As I was headed to Brookhaven the other day to do my radio show, I was listening to the station and as the anchor was either coming out of a break or into a break, his bumper music really bothered me. It was a song by Jelly Roll, yea don’t look him up, I did and was not impressed. But back to the part of the song that the talk show host used, it went like this: I only talk to God when I need a favor / And I only pray when I ain't got a prayer / So, who the hell am I, who the hell am I / To expect a Savior o-o-oh / If I only talk to God when I need a favor / But God I need a favor / Amen... Amen,"
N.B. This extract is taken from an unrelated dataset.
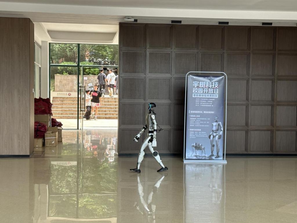在互动环节中,宇树科技展示了其最新研发的人形机器人产品。与会者近距离观摩了机器人的灵活操作与智能交互功能,并积极参与互动体验。现场气氛热烈,师生们对机器人的高性能表现赞叹不已,纷纷表示对人工智能技术的未来充满期待。

Wow. But truth be told that describes a lot of us when it comes to our relationship with God. We would do well to remember this spiritual truth from God’s word. In fact, it is our scripture text this morning and it come from Matthew 7:21-23. Again, we will look at the Gospel of Matthew 7:21-23, and I hope you notice that this is Jesus talking here. Again, our text comes from Matthew 7:21-23, here is what we read:

(slide 3) “Not everyone who says to Me, ‘Lord, Lord,’ shall enter the kingdom of heaven, but he who does the will of My Father in heaven. 22 Many will say to Me in that day, ‘Lord, Lord, have we not prophesied in Your name, cast out demons in Your name, and done many wonders in Your name?’ 23 And then I will declare to them, ‘I never knew you; depart from Me, you who practice lawlessness!’

I wonder if you have ever had anyone ask you something like this? Do you want the good news or the bad news first?
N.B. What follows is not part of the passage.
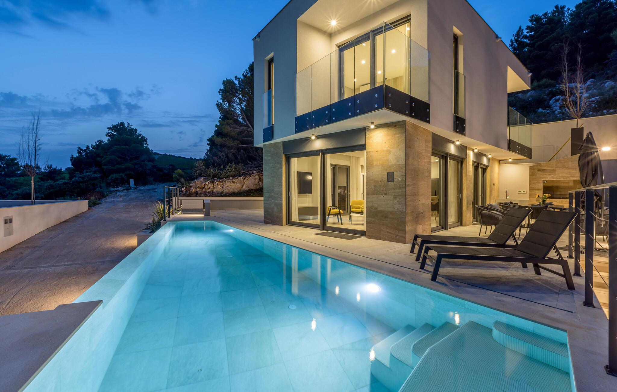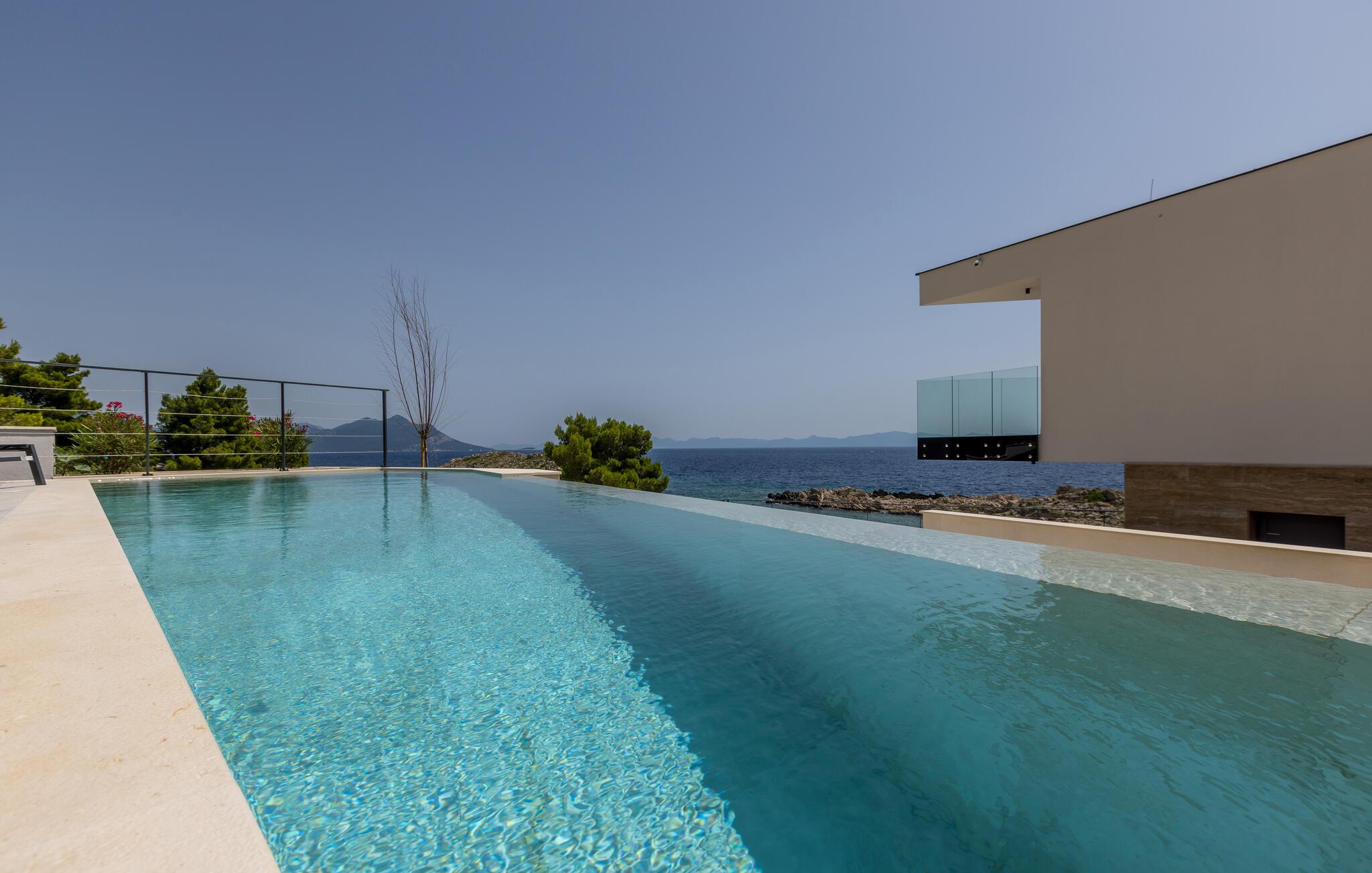 Tilbring en luksuriøs drømmeferie i dette moderne feriehus med pool, sauna og havudsigt.

Today I am going to make that decision for you. First, the bad news.

You and I and every last human being on this earth are damaged goods. We’re bent out of shape by sin. We’re guilty of everything from minor missteps to major crimes.

We’re in desperate need of forgiveness and a fresh start. But that’s not the half of it. The bad news keeps coming. Selfishness, injustice, hatred, indifference, violence and more are all around us.
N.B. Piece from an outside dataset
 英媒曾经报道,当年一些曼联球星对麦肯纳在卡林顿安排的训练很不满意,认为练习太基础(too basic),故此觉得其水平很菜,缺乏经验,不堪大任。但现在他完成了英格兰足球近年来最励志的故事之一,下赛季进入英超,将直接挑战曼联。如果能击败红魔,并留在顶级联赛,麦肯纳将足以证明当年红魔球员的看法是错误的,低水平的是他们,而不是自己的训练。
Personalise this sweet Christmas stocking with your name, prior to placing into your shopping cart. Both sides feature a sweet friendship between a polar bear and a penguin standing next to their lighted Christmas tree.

It all cracks the foundations of our society and sadly it even sets us against each other and that includes right here in the church. And if you don’t believe that then why are there church splits, how many people do you know that are no longer here because they got mad about something or mad at someone. The entire earth suffers under the weight of our greed and pride and wars.

And we haven’t even begun to talk about the spiritual forces of evil—principalities and powers, the ones who oppose everything good. So, the problem is bigger than your sinfulness or mine. It is so much bigger. And if we look at it all long and hard, it can seem hopeless.

(slide 3) And that my friends is a big problem. But you know what our God is bigger. Thankfully He offers us a way home, a way back to Him. We may think we have big problems, but He has bigger solutions. That is why the apostle Paul writes this to the church at Rome in Romans 8:21: because the creation itself also will be delivered from the bondage of corruption into the glorious liberty of the children of God.

That’s what makes the news of the kingdom of God so good. The kingdom is God’s salvation for a broken, twisted, suffering world. In the kingdom there will be no more war.

War that ends lives and scars them; war that levels cities and poisons the ground. In the kingdom there will be justice for discarded communities and reconciliation at every level. One day the kingdom will be a new creation, aflame with the glory and goodness of God. And the news will always be good.

I started this message with the lyrics from a Jelly Roll song, one that we should run away from. If we only talk to God when were in trouble, do we really know Him, do we really trust Him? The obvious answer is no.

But since we used one secular song let’s consider another. It’s the George Straight song “a fathers love”.

As it starts out you hear a young boy or man worried about what his father is going to do him for fighting, only to get home and have his father take him in his lap and love him. And then as he dies and gets to heaven he hears those words again, let me tell you about a father's love.